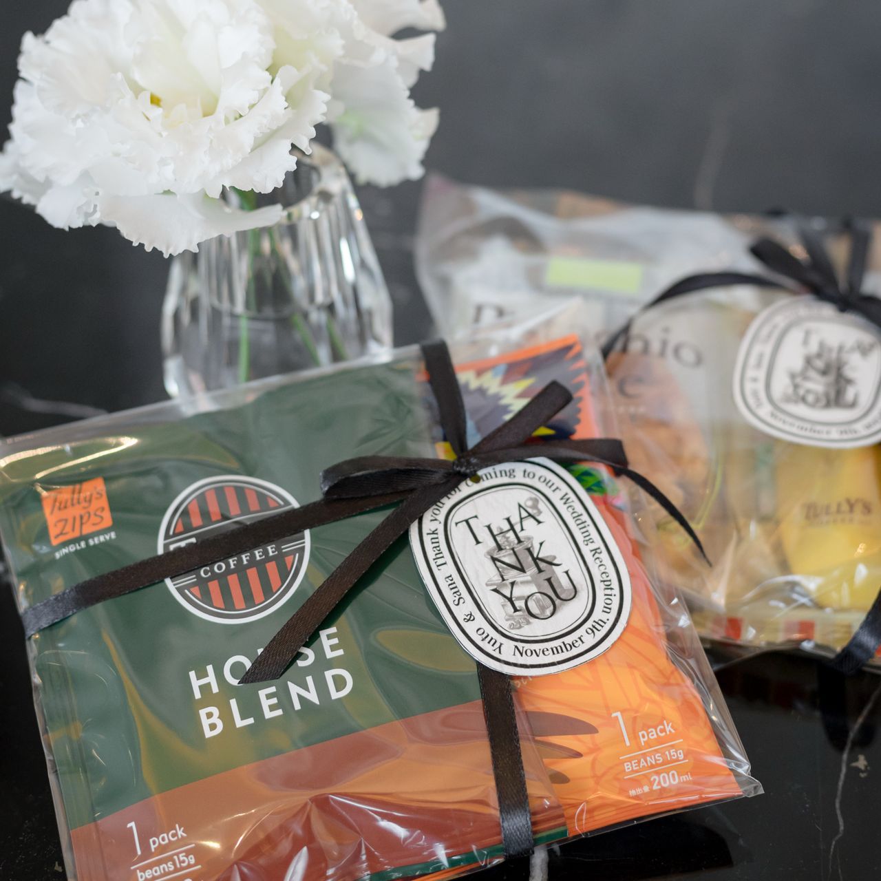 DIPTYQUE風のThank Youタグを自作し、ブラックリボンでラッピングしました。
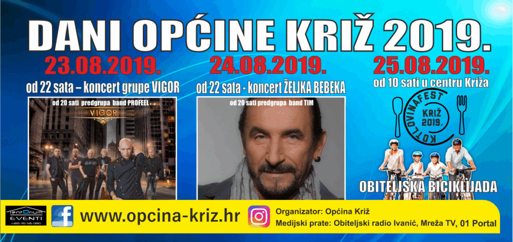 U subotu 24. kolovoza od 15 sati u parku u Križu tradicionalno se održava Sajam obrta i rukotvorina s preko 20 izlagača. Za najmlađe će također biti mnogo zabavnog za što će se pobrinuti Tvornica smijeha iz Ivanić-Grada koja će pripremiti mađioničara, zanimljive radionice te maskote i besplatni face painting. Vatrogasna zajednica mališanima će omogućiti da isprobaju kako je to biti vatrogasac. Udruga vinogradara i vinara Škaf pripremila je štand s okrjepom, a pridružit će im se i KUD Graničar i njihovi tamburaši te Limena glazba Općine Križ. U večernjim satima očekuje nas koncert Željka Bebeka.
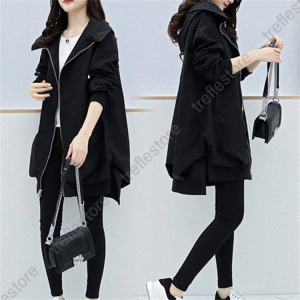 【キーワード】ウィンドブレーカー 体型カバー ジップアップパーカー 着痩せ ゆったり 秋服 ウィンドブレーカー マウンテンパーカー レディース 春秋 ジップアップパーカー シルエット ロング丈
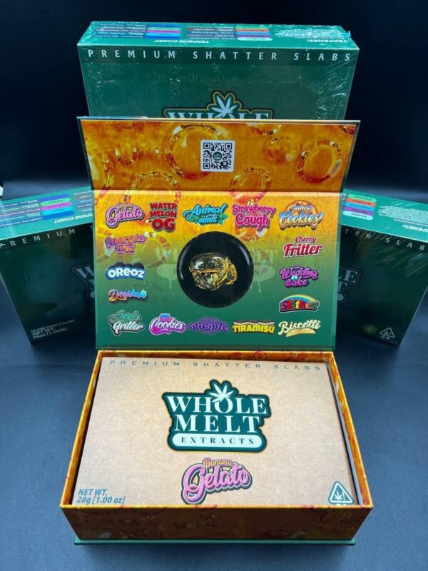 Whole Melt Banana Gelato is a potent live resin shatter (Strawberry Banana x Bubblegum) known for its rich flavor and aroma. Provides appetite/mood enhancement, pain/nausea relief, euphoria, and boosts creativity/focus. Buy authentic from licensed dispensaries or our official website.
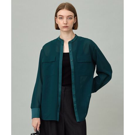 ■デザイン前後差のあるレングスで動きのあるデザインがポイントのバンドカラーシャツです。適度にゆったりとしたサイズ感で、1枚でも、羽織りアイテムとしても着回しが可能で長い時期活躍します。
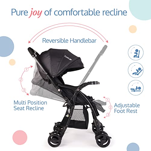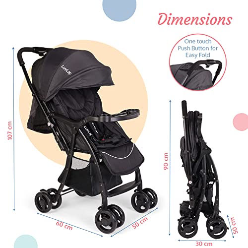 LuvLap Spark Baby Stroller,Pram for Baby with 5 Point Safety Harness,Spacious Cushioned Seat with Side Padding,Multi Level Seat Recline,Lightweight Baby Stroller for 0 to 3 Years (Black)
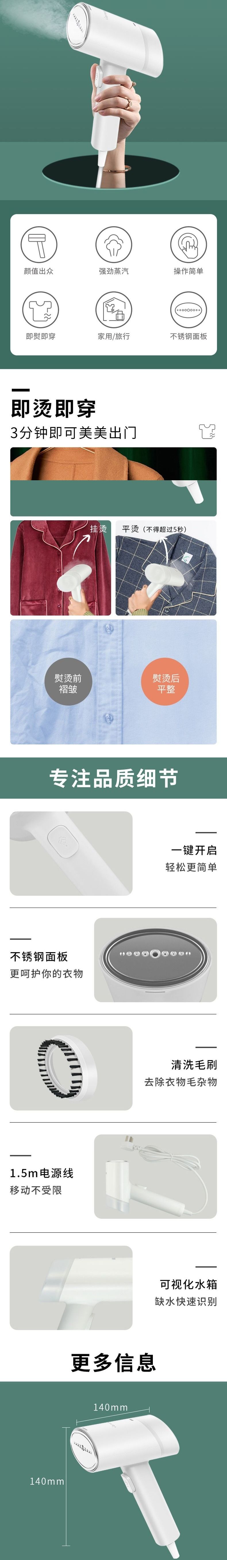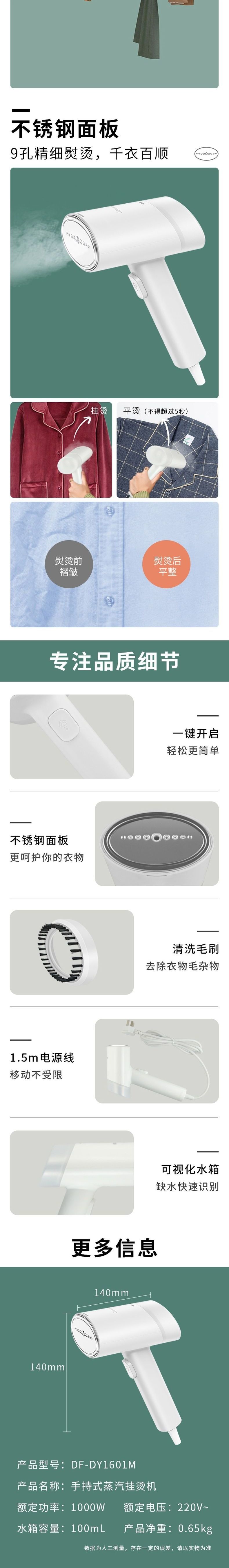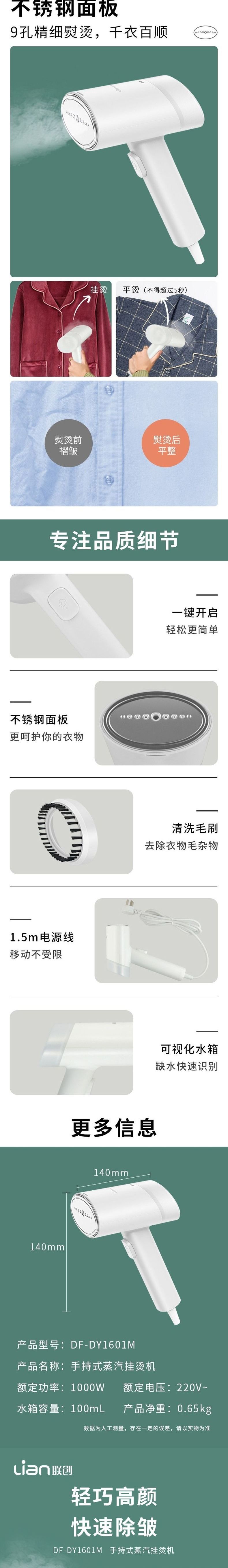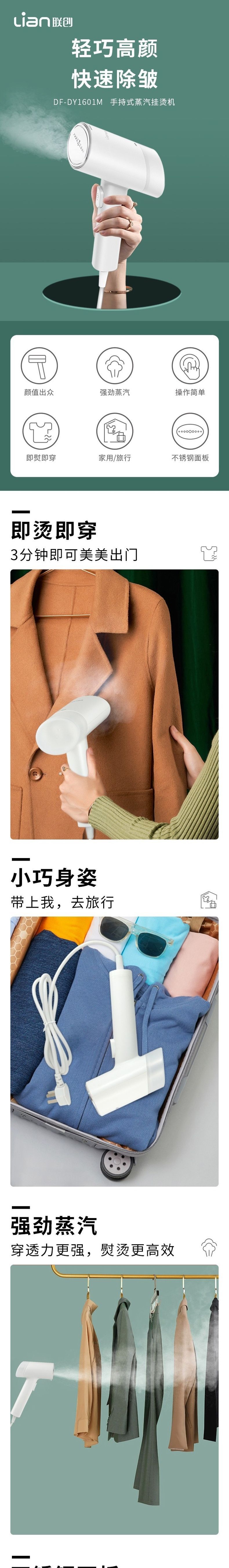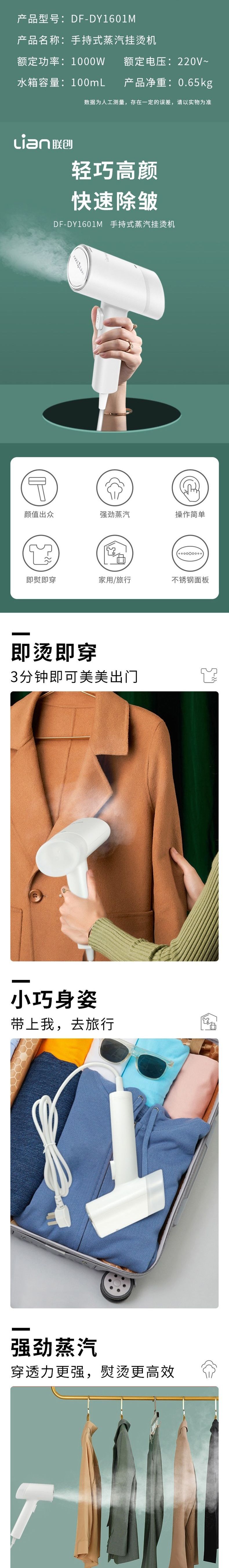 联创 手持挂烫机 DF-DY1601M 便携熨烫机迷你蒸汽刷旅行用

------------

TO DO: Only the lines from the one that contains "LuvLap Spark Baby" to the end of the records, inclusive, are to be quoted exactly, with pictures excluded.

WRITTEN ANSWER:
 LuvLap Spark Baby Stroller,Pram for Baby with 5 Point Safety Harness,Spacious Cushioned Seat with Side Padding,Multi Level Seat Recline,Lightweight Baby Stroller for 0 to 3 Years (Black)
 联创 手持挂烫机 DF-DY1601M 便携熨烫机迷你蒸汽刷旅行用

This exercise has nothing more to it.